The research will focus on such gram-negative pathogens as Pseudomonas, Klebsiella and Acinetobacter, which are increasingly resistant to all known classes of antibiotics. These bacteria can cause a significant health threat to patients, particularly those in intensive care units. Gram-negative infection is associated with an increase in morbidity, and in severe cases can lead on to septic shock and an increase in mortality. Though there are antibiotics in development from established classes, there is only one novel class systemic agent in clinical trials to address this mounting problem.
"The Department of Defense is excited about the opportunity of teaming with GSK and leveraging their capabilities and resources to develop antibacterial compounds for gram-negative biothreat agents," said Lt. Col. Calvin Carpenter at the Defense Threat Reduction Agency. "This research is needed to identify and deliver antibacterials from entirely new classes to defend against potential biothreat outbreaks and hospital-acquired infections."
The challenge of developing new antibacterial treatments is compounded by the fact that gram-negative bacteria are difficult to attack because they have an outer membrane surrounding the bacterial cell wall that interferes with drug penetration. New treatments must not only be toxic to the pathogen, but must also overcome the barriers to entry into the cell.

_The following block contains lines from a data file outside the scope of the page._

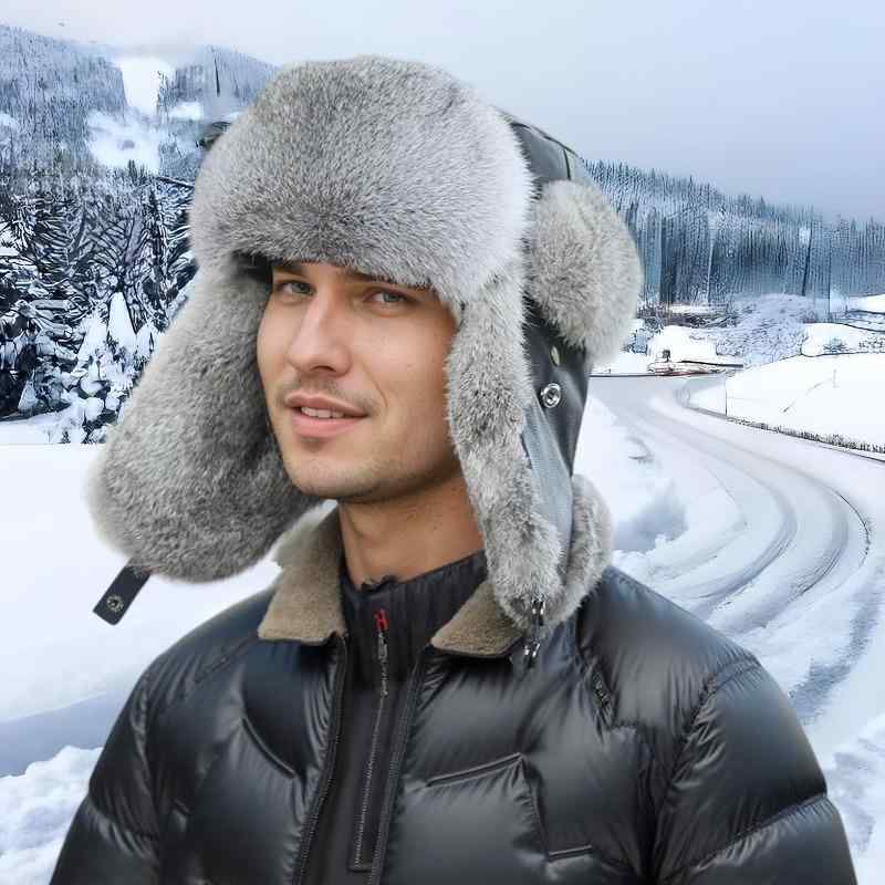 帽子 男性用 牛革 ラビットファー 雷鋒帽 秋冬 防寒 保温 耳当て付き 灰色 ブラック カーキ色 ・・・
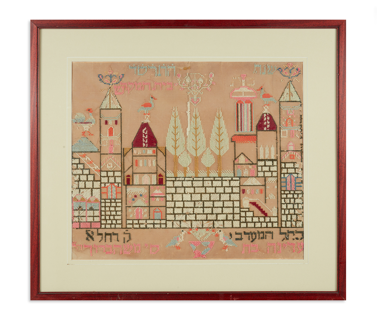 An early 20th-century Judaica Hebrew folk art embroidery with punchwork, identified as a ‘Mizrach’ sampler. This piece, dated 1901, is from Palestine and is designed to indicate the direction of prayer towards Jerusalem. It is associated with the Western Wall, a sacred site, and commemorates both routine and rare moments. Maker unknown.
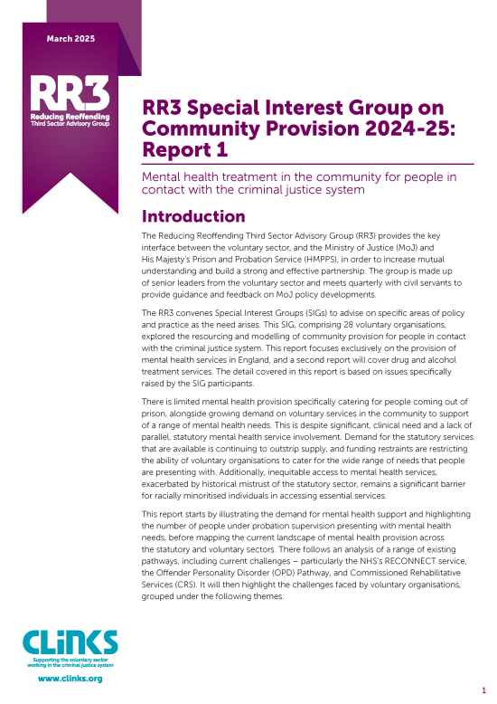 Clinks is committed to ensuring the vital role of the voluntary sector is recognised and advocating for health services that better meet the needs of people in contact with the criminal justice system.
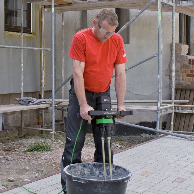 The twin paddles work together to reduce air entrainment, while also reducing counter rotational torque so that the mixer drill does not try to twist when mixing heavier materials. This makes the MZR 24 megamixer the most thorough mixer for heavy mortars, fibre filled cements, pastes, putties, and epoxies.
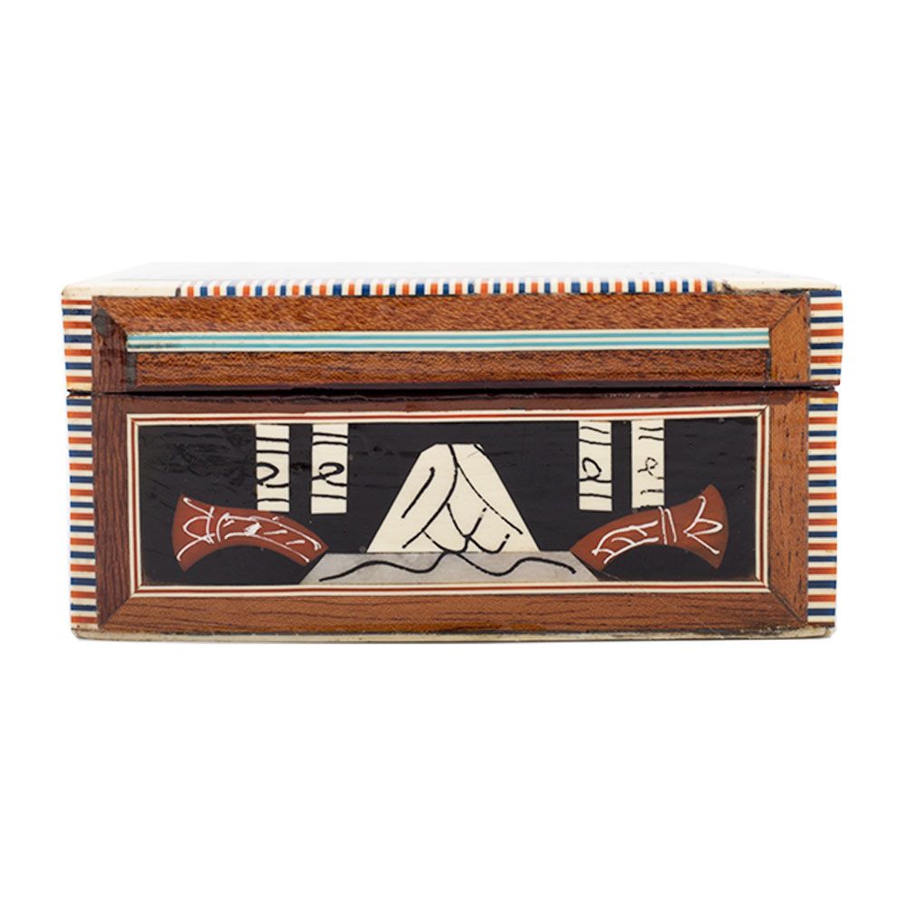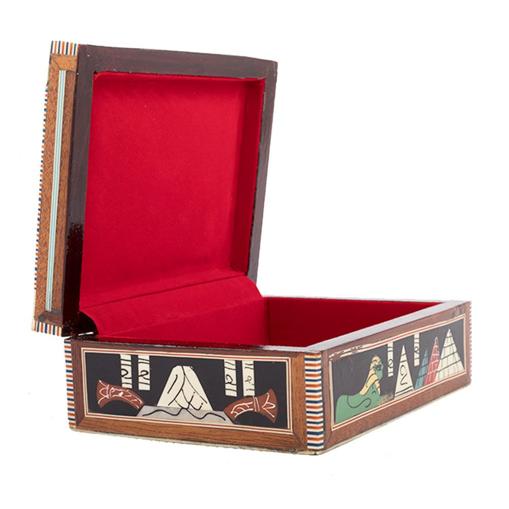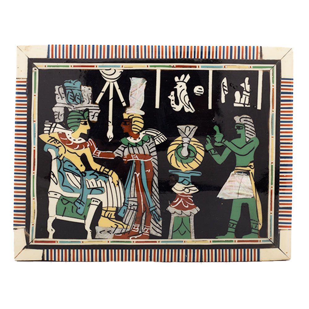 The pharaonic box is hand-crafted with master quality Mahogany wood that is featured by its hardness and its ability to bear any pressure. The box is inlaid with precious rare Mother of Pearl that is painted with natural colors. Rectangle box is decorated with a Pharaonic scene of the love story between King Tut with his wife. The young Tutankhamun sits in a relaxed pose, while his wife Ankhesenamun rubs her husband's shoulder with fragrance oils under the light and the warmth of the sun blessings from the god of the sun, Ra. It refers to the love and unity between the king and the queen. A vintage piece of Decoration, you can use it as a jewelry box for keeping your most precious pieces or as a piece of decoration in your room or office.
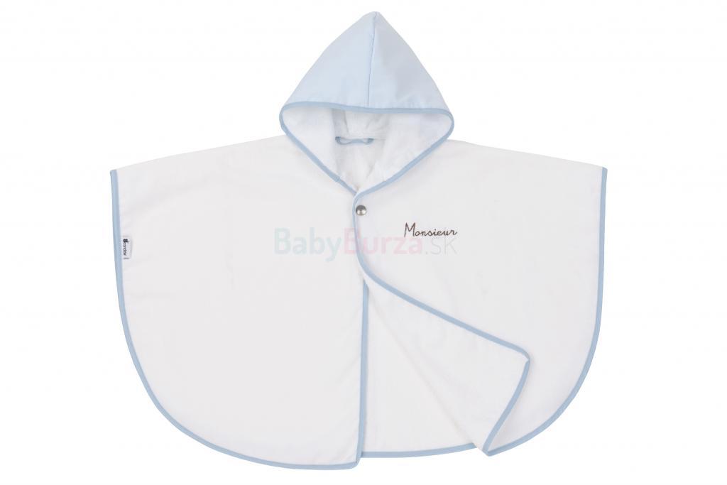 Poncho s modro lemovanými okrajmi v univerzálnej veľkosti. Poncho je z froté, ktoré je savé a zároveň veľmi jemné. Zopnutie na patent.
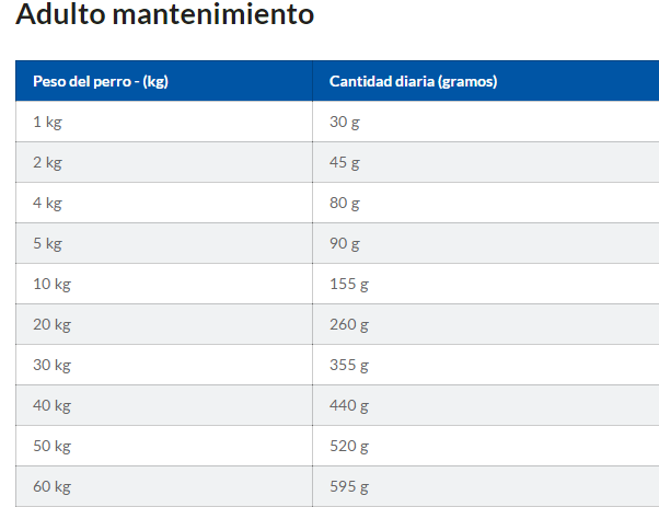 Ajuste las cantidades de alimento según sea necesario para mantener el peso óptimo. Si tiene dudas, consulte a su veterinario.
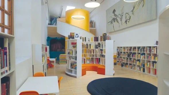 Bibliotecas Infantiles: Olvida el silencio absoluto de las bibliotecas de adultos. Estos espacios están diseñados para que los niños se apropien de la lectura. Los libros muestran su portada (no el lomo) para ser identificados por sus dibujos, y el mobiliario invita a tirarse en colchones o tapetes a descubrir historias.
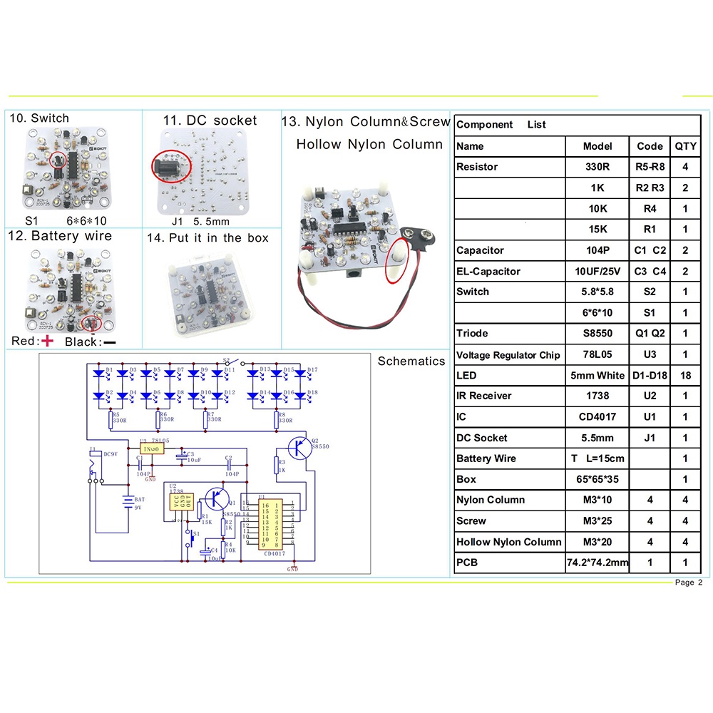 Pcbfun Dc9-12V Night-Light Led Lamp Diy Kit Remote Control Electronics Welding Practice
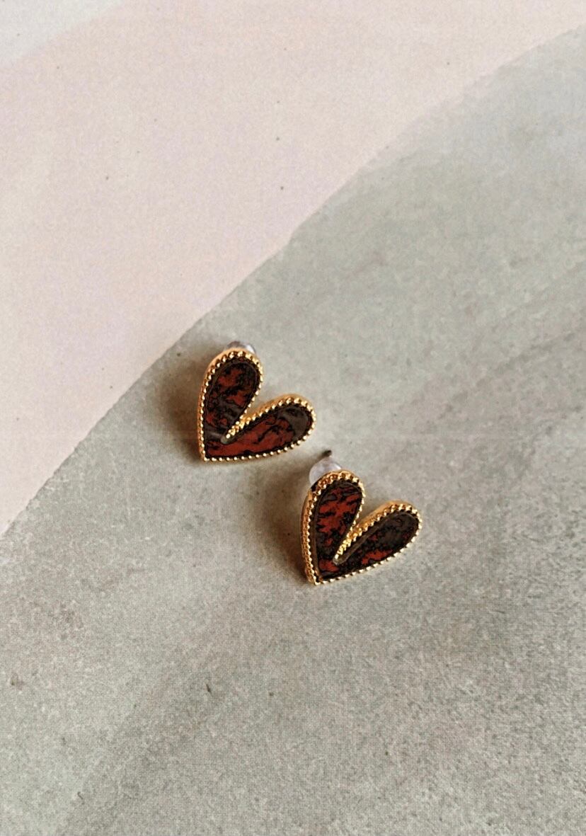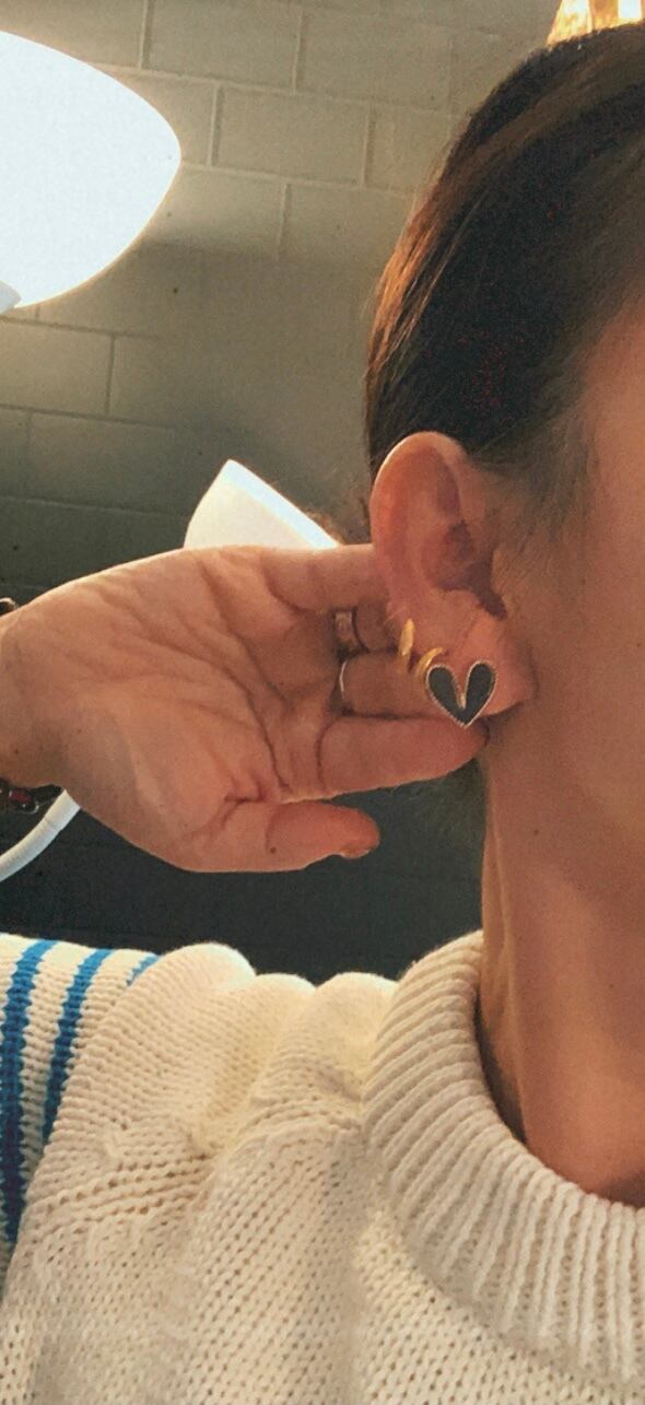 黒に周りがゴールドで縁取りされたハートのピアスです。ハートの形が可愛いです。
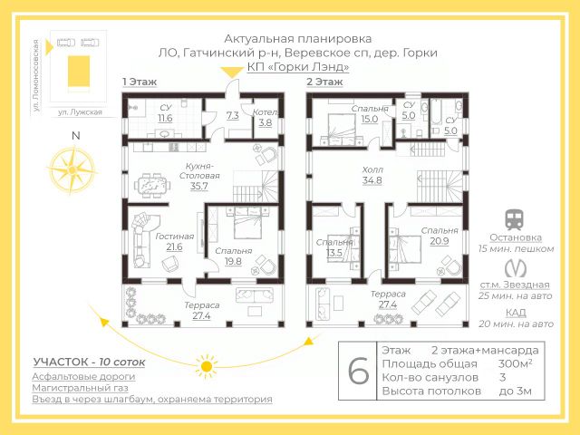 Добрый день! Продается ПРОСТОРНЫЙ дом в частном Коттеджном посёлке "Горки Лэнд" с УДОБНОЙ планировкой! Если вы сейчас продаете свою квартиру/дом, мы можем предложить вам TRADE-in Мы обеспечим безопасное и качественное юридическое сопровождение вашей сделки. Деятельность нашего агентства застрахована на сумму 20 000 000 рублей. Мы будем рады помочь вам с покупкой! Продажа без комиссии Описание и фотографии полностью соответствуют действительности. ПРО ДОКУМЕНТЫ: - Один совершеннолетний собственник, который будет ПРИСУТСТВОВАТЬ на сделке. - Предоставим все необходимые документы. - Мат. капитал при покупке НЕ ИСПОЛЬЗОВАЛСЯ - Под ИПОТЕКУ подходим, и в случае необходимости, ПОМОЖЕМ с одобрением ПРО ДОМ: - Дом состоит из двух этажей. Основной конструктив здания представляет собой монолитный ж/б фундамент, несущие наружные и внутренние стены из профилированного бруса. Комфортная планировка: - Прекрасная кухня-гостиная правильной формы (30,9 м²), станет центром притяжения для семьи и друзей. - Три комнаты удобной планировки. - Просторный совмещенный санузел (6,7 м²). - Установлены теплые полы в санузле и коридоре.- Вместительный шкаф-купе на втором этаже для хранения вещей. - Просторная терраса с панорамными окнами для отдыха (7,1 м²) - Также на участке имеется замечательная баня, где Вы можете хорошо отдохнуть! ПРО ИНФРАСТРУКТУРУ: - Жилой комплекс полностью готов и заселен. - Охраняемый поселок с замечательной управляющей компанией. Гарантирована своевременная уборка мусора, снега, уличное освещение, променады, скос травы, решение всех насущных проблем. - Жилой комплекс расположен в удобной локации в 4 км от Киевского шоссе, в 20 км от КАДа. - Поселок идеален для постоянного проживания - в непосредственной близости школы, детские сады, пункты выдачи, при въезде на территорию есть продуктовый супермаркет. - Также на территории коттеджного поселка имеется частный детский сад. - Имеется развозка в школу на школьном автобусе в Верево. - На территории 2 спортивные площадки, волейбольная и детская площадка площадки в 2 минутах пешком от дома, прогулочный променад и зона отдыха. - В 10 км находится Гатчина, где можно прогуляться по красивым паркам, Дворцовый и Приоратский парк в том числе! - В 15 мин езды находится тихий зеленый Павловский парк, где Вы сможете погулять всей семьей пешком или на велосипедах. - В 15 мин езды находится парк отдыха "Тууттари парк" для горных лыж, сноубордов, веревочных парков и многого другого. - До ж/д станции Мозино 5 мин на автомобиле или 20 минут пешком, время в пути до Балтийского вокзала составляет 45 минут. С радостью проконсультируем по сделке! ЗВОНИТЕ, чтобы записаться на просмотр и ощутить прелесть жизни в этом доме!

"Through this innovative collaboration with DTRA, GSK will focus its experience and resource in drug discovery on new antibacterial solutions that address biothreat pathogens as well as conventional gram-negative infections acquired in the hospital," said Dr. David Payne, group director of antibacterial research at the Infectious Diseases Center for Excellence in Drug Discovery (ID CEDD) at GSK.
With few new antibiotic classes being developed in the last 40 years and growing resistance of various types of bacteria to treatment, GSK is progressing a growing portfolio of antibiotic candidates. The ID CEDD, formed earlier this year, is exclusively dedicated to discovering and developing novel treatments for bacterial and other types of infections.